> **WHAT THE EXERCISE ASKS**:
A verbatim copy of all the data is required; the pictures should not appear in it.

> **GIVEN RECORDS**:
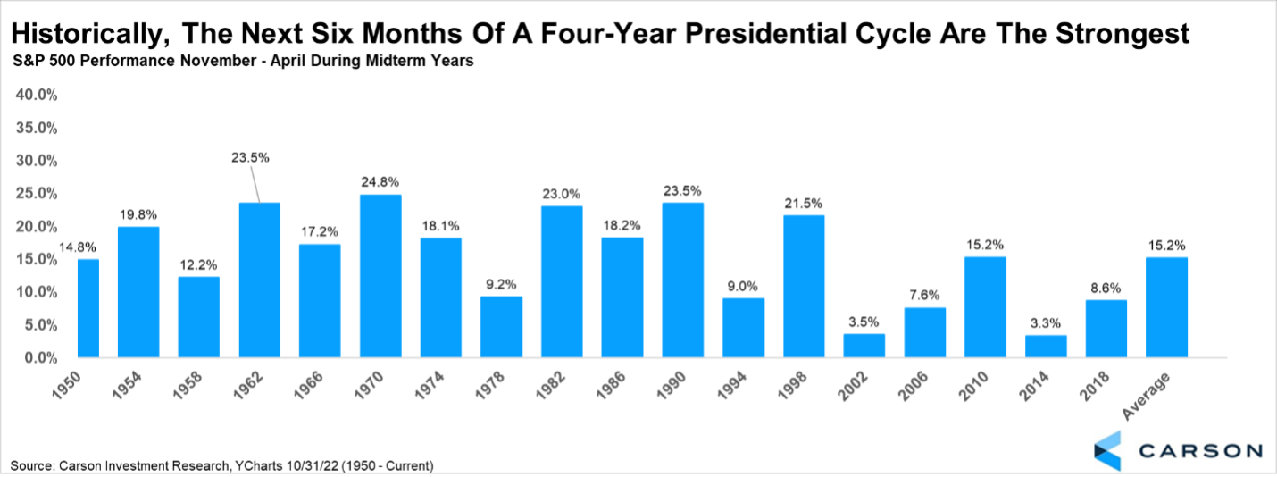 One of our favorite tables we’ve shared this year is right here. The first few quarters of a midterm year tend to be quite weak when looking at a 4-year presidential cycle, which played out all too well this year. The really good news is some of the best quarters are upon us, so don’t lose faith quite yet.
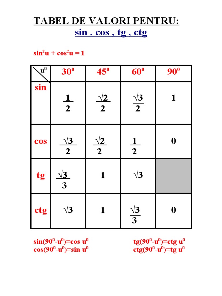 Sine cosine tangent chart improve your math fluency. Pdf trigonometrie clasa a ix a viorel danila academia edu. Α sin α cos α tan α α sin α cos α tan α α sin α cos α tan α α sin α cos α tan α o o o o 0 0,000 1,000 0,000.
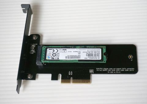 また使っているSSDはそこまで発熱しないAHCIタイプだが熱の面でも変換基盤の方が有利。
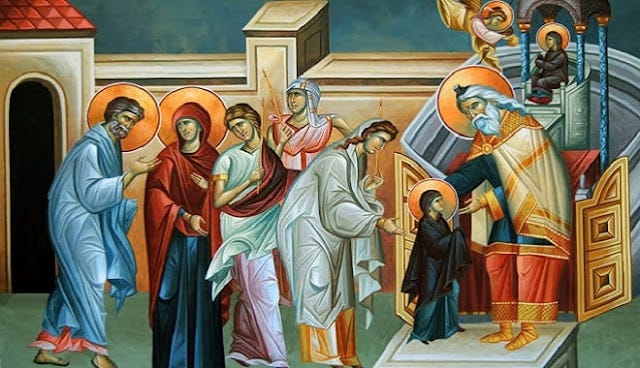 Έτσι, το ίδιο συνέβη και με την Υπεραγίαν Θεοτόκον. Οι γονείς της, ο Ιωακείμ και η Άννα, θερμά παρεκάλεσαν να τους δώσει παιδί, και αν τους έδινε, θα το αφιέρωναν στον Θεό. Και πράγματι, όταν εγεννήθη το παιδί τους, η Μαρία, την απεγαλάκτισαν, διότι έτσι εσυνηθίζετο τότε, εις ηλικίαν τριών ετών. Και μόλις απεγαλακτίσθη, δηλαδή έκοψαν το γάλα το μητρικό, προσέφεραν το μικρό παιδάκι εις τον ναόν. Και οι ιερείς οδήγησαν το κοριτσάκι αυτό, των τριών ετών, την τριετίζουσα Μαρία, εις τα Άγια των Αγίων. Εκεί ουδείς εισήρχετο, ούτε ιερεύς, παρά μόνον ο αρχιερεύς, και αυτός μόνο μία φορά τον χρόνο! Και συνεπώς η παρουσία της Υπεραγίας Θεοτόκου ήτο κατ’ έμπνευση του Θεού να βρίσκεται εκεί, εις τα Άγια των Αγίων.
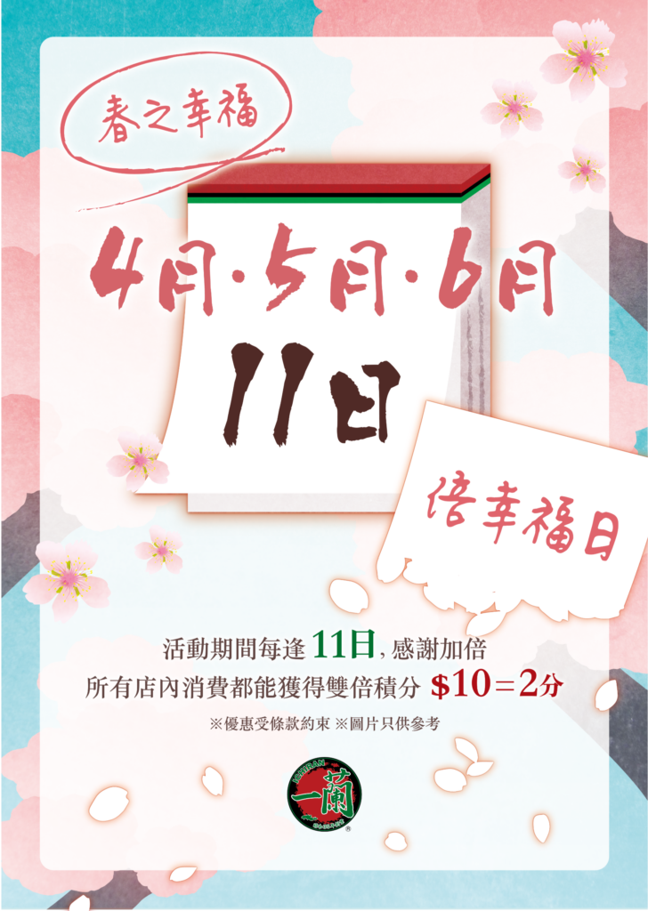 一蘭香港では、アプリ会員様向けの特典キャンペーンと香港限定グッズ販売を実施します。アプリ会員ポイント2倍キャンペーン「倍幸せ日」は、2026年4月11日、5月11日、6月11日の3日間に開催され、期間中に店内でご飲食いただいた会員様へ通常の2倍のポイントを付与。また、香港限定ピンバッジセットを店内ガチャにて販売します。販売期間は4月3日から5月31日までで、在庫がなくなり次第終了となります。
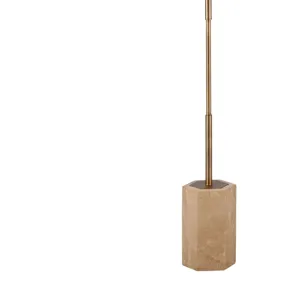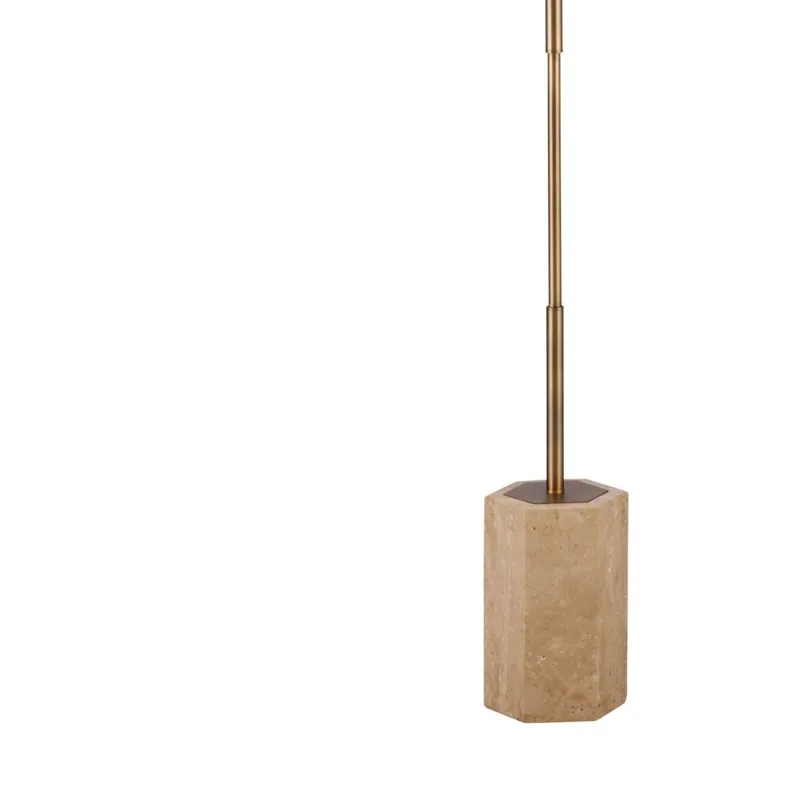 The Ronzell Floor lamp exudes natural charm with its travertine base and earthy hues, perfectly complemented by a tapered drum shade and brass accents. Its design effortlessly blends modern sophistication with bohemian aesthetics, adding a touch of warmth and character to any room. With its versatile appeal, this lamp seamlessly fits into various decor styles, from contemporary to eclectic. Crafted with attention to detail and quality materials, the Ronzell lamp is not just a source of light but also a stylish statement piece. Illuminate your space with inviting ambiance and timeless elegance with this exquisite floor lamp.
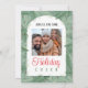 Um convite de férias para "Festa de Férias" com uma foto da família. Uma bela fronteira de pinheiros e galhos verdes em verdes e vermelhos é a fronteira do seu partido. Personalize com sua própria foto, nome, local e hora. Esta é a época para celebrar!
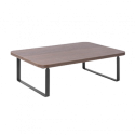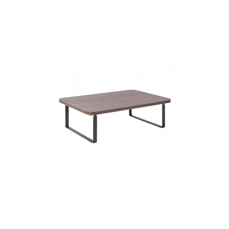 Elevador para monitor, altura 122 mm, soporta hasta 20 kg, material plástico, acero y tablero, color negro mate y madera.

> **RESULT OF THIS EXERCISE**:
 One of our favorite tables we’ve shared this year is right here. The first few quarters of a midterm year tend to be quite weak when looking at a 4-year presidential cycle, which played out all too well this year. The really good news is some of the best quarters are upon us, so don’t lose faith quite yet.
 Sine cosine tangent chart improve your math fluency. Pdf trigonometrie clasa a ix a viorel danila academia edu. Α sin α cos α tan α α sin α cos α tan α α sin α cos α tan α α sin α cos α tan α o o o o 0 0,000 1,000 0,000.
 また使っているSSDはそこまで発熱しないAHCIタイプだが熱の面でも変換基盤の方が有利。
 Έτσι, το ίδιο συνέβη και με την Υπεραγίαν Θεοτόκον. Οι γονείς της, ο Ιωακείμ και η Άννα, θερμά παρεκάλεσαν να τους δώσει παιδί, και αν τους έδινε, θα το αφιέρωναν στον Θεό. Και πράγματι, όταν εγεννήθη το παιδί τους, η Μαρία, την απεγαλάκτισαν, διότι έτσι εσυνηθίζετο τότε, εις ηλικίαν τριών ετών. Και μόλις απεγαλακτίσθη, δηλαδή έκοψαν το γάλα το μητρικό, προσέφεραν το μικρό παιδάκι εις τον ναόν. Και οι ιερείς οδήγησαν το κοριτσάκι αυτό, των τριών ετών, την τριετίζουσα Μαρία, εις τα Άγια των Αγίων. Εκεί ουδείς εισήρχετο, ούτε ιερεύς, παρά μόνον ο αρχιερεύς, και αυτός μόνο μία φορά τον χρόνο! Και συνεπώς η παρουσία της Υπεραγίας Θεοτόκου ήτο κατ’ έμπνευση του Θεού να βρίσκεται εκεί, εις τα Άγια των Αγίων.
 一蘭香港では、アプリ会員様向けの特典キャンペーンと香港限定グッズ販売を実施します。アプリ会員ポイント2倍キャンペーン「倍幸せ日」は、2026年4月11日、5月11日、6月11日の3日間に開催され、期間中に店内でご飲食いただいた会員様へ通常の2倍のポイントを付与。また、香港限定ピンバッジセットを店内ガチャにて販売します。販売期間は4月3日から5月31日までで、在庫がなくなり次第終了となります。
 The Ronzell Floor lamp exudes natural charm with its travertine base and earthy hues, perfectly complemented by a tapered drum shade and brass accents. Its design effortlessly blends modern sophistication with bohemian aesthetics, adding a touch of warmth and character to any room. With its versatile appeal, this lamp seamlessly fits into various decor styles, from contemporary to eclectic. Crafted with attention to detail and quality materials, the Ronzell lamp is not just a source of light but also a stylish statement piece. Illuminate your space with inviting ambiance and timeless elegance with this exquisite floor lamp.
 Um convite de férias para "Festa de Férias" com uma foto da família. Uma bela fronteira de pinheiros e galhos verdes em verdes e vermelhos é a fronteira do seu partido. Personalize com sua própria foto, nome, local e hora. Esta é a época para celebrar!
 Elevador para monitor, altura 122 mm, soporta hasta 20 kg, material plástico, acero y tablero, color negro mate y madera.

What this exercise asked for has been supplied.